Lawrence has a history with Callicott. She was instrumental in the Brooks Museum of Art’s acquisition of Callicott’s preliminary sketches for the W.P.A.-funded Hernando de Soto murals, which are on display at the Pink Palace. This is also the second time that Lawrence has assembled a major collection of Callicott’s work for exhibition, the first being a lifetime retrospective at the Brooks in 1991.
“This show was not intended as a rebirth of that,” she says. “It was simply intended as a look back again at [Callicott’s] treatment of light. I wanted to point out once again how the body of work from the very earliest paintings on through his late work reflects the same vision, his sort of penetrating observation of nature and all of its light and dark aspects. To show that [even when the artist was working in his nonobjective] period — a time when there was very little recognition of nature in the works — those works still had a ground in nature.”
When Lawrence speaks of Callicott’s “nonobjective” work, she is generally referencing the color fields and rainbow patterns for which Callicott is most famous.

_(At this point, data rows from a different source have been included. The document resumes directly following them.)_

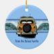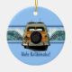 En vintage som är utrustad med ett par långrevar hittar perfektens dubbla. Den illustrerade vågen har en spökbild av en hibiscus pareau-utskrift. Kaliforniens registreringsskylt i vintagen säger Beachin. I jul är vår hälsning "Mele Kalikimaka", men dessa prydnadsföremål ger underbara gåvor varje år och anpassar dem med ert eget budskap! De här mönstren kommer från flera olika färgbanor.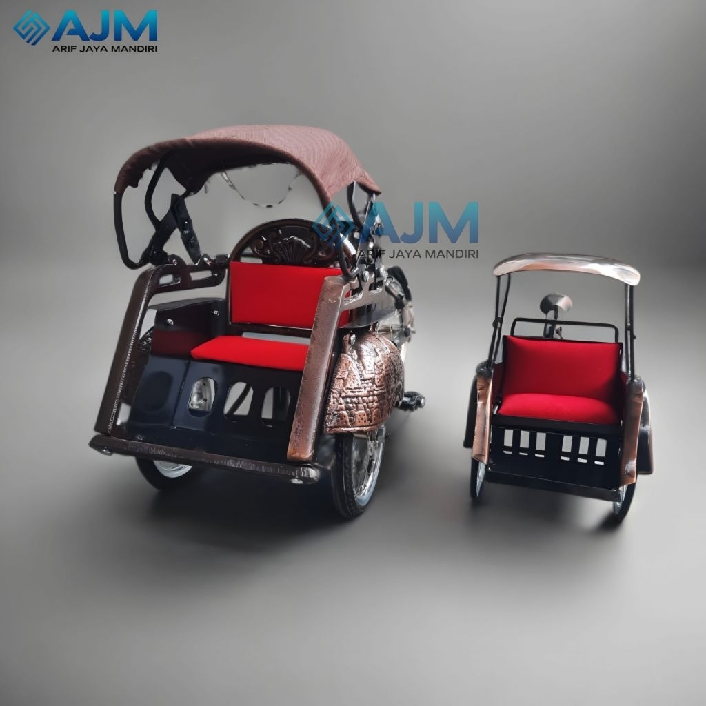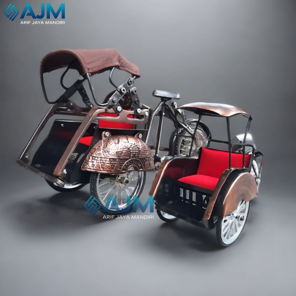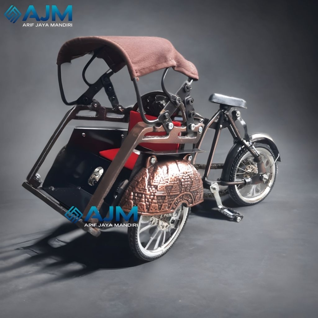 Miniatur becak pajangan ruang tamu diecast becak replika becak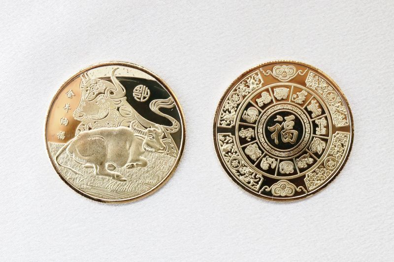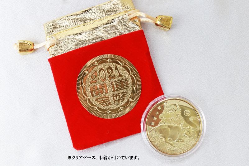 令和3年 縁起メダル 金牛納福 円型 [in-g4030]
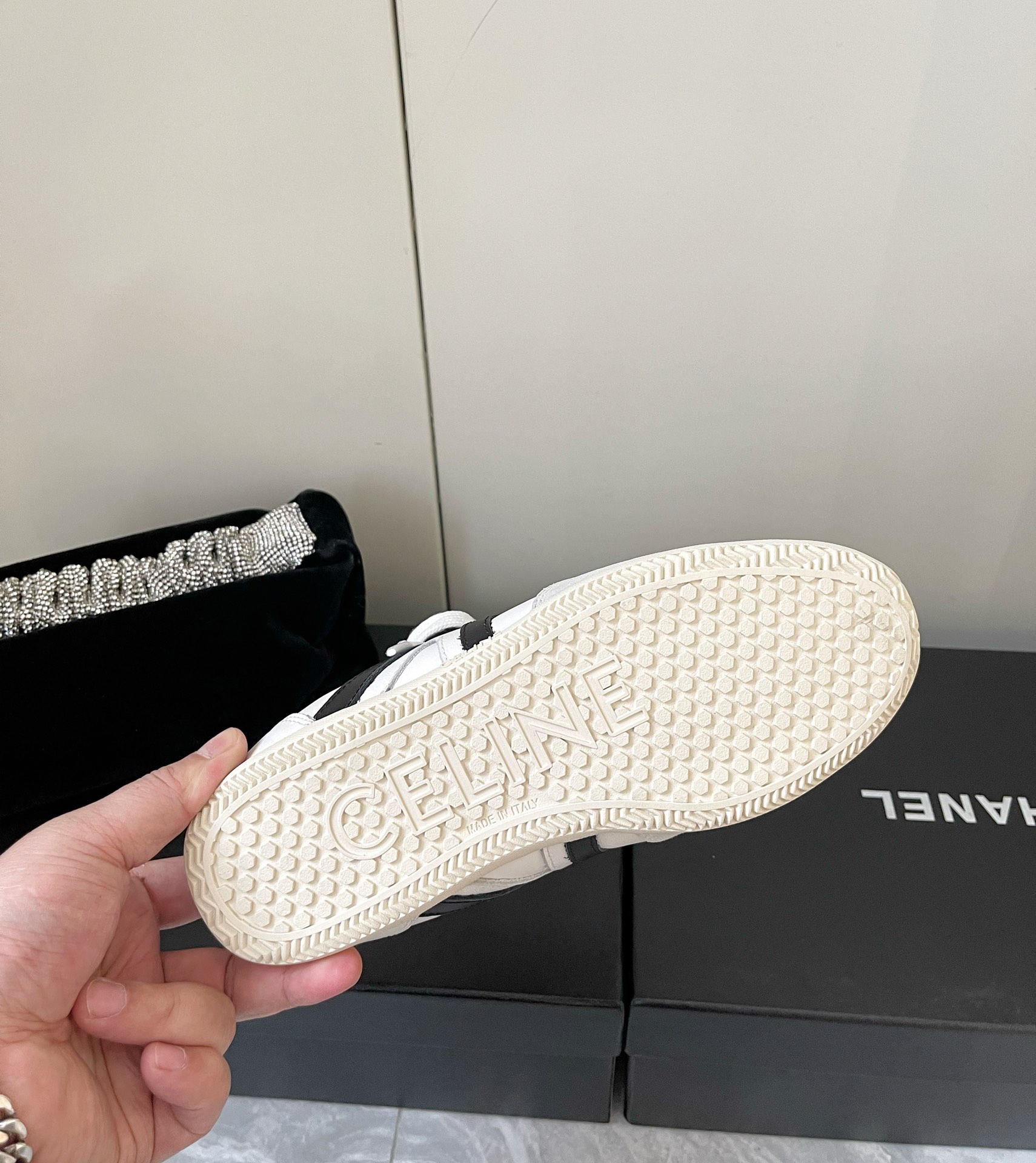 这款鞋子是AAAAA 1:1 质量 (非常棒). 使用了和原版一模一样的材料. 商标部分也保持了和思琳/Celine一样. 图片拍摄是实物鞋子拍摄, 您所收到的实物保证和我们图片一模一样.

Surprisingly enough, there are very few of these paintings collected for “The Light Within,” and the ones that are on display pale next to eerily luminescent landscapes and portraits of shadows rendered so perfectly an observer might believe that they were merely the unfortunate byproduct of a bad hang. More than one unschooled observer looking at Sun Print #5 turned around hoping to find the source of the leafy shadows only to discover they had been tricked by a master.
“We chose not to show [the rainbows],” Lawrence says. “Unfortunately, the rainbow has become such a signature. I think sometimes those sorts of signatures limit our ability to look at an artist, to look beyond things most easily recognized.” Rather than showing the artist’s best-known work, Lawrence chose to hang some pieces that have never been shown publicly: works forsaking the traditional mediums of oil and dry pigment. Lawrence has juxtaposed each painting with one of the painter’s poems.
“It’s a risky business matching words with these paintings,” says Lawrence, who was afraid that too many descriptive words might wreck the illusion. “But it’s not as if there is a painting on the wall and a person standing there telling you about the painting, and you want them to quit talking and let you look at it.”
Callicott’s verses read like entries from an artist’s private journal. They give the observer insight into the painter’s motivations without revealing his process. Next to Embrace #4, a painting of a yellow-boarded house wrapped by the shadow of a tree, there is a poem that reads, “The wide-spanning shadows/of all its branches fall/over roof and wall/is how (in case you wondered)/a tree can embrace a house.” According to Lawrence, the poem had not been written specifically for that painting. It just seemed to fit.
“The poems aren’t about a painting. They are all about his paintings,” she says. “Plural!”
“The Light Within: Paintings and Poems of Burton Callicott” is on display at the University Gallery at CBU through October 10th.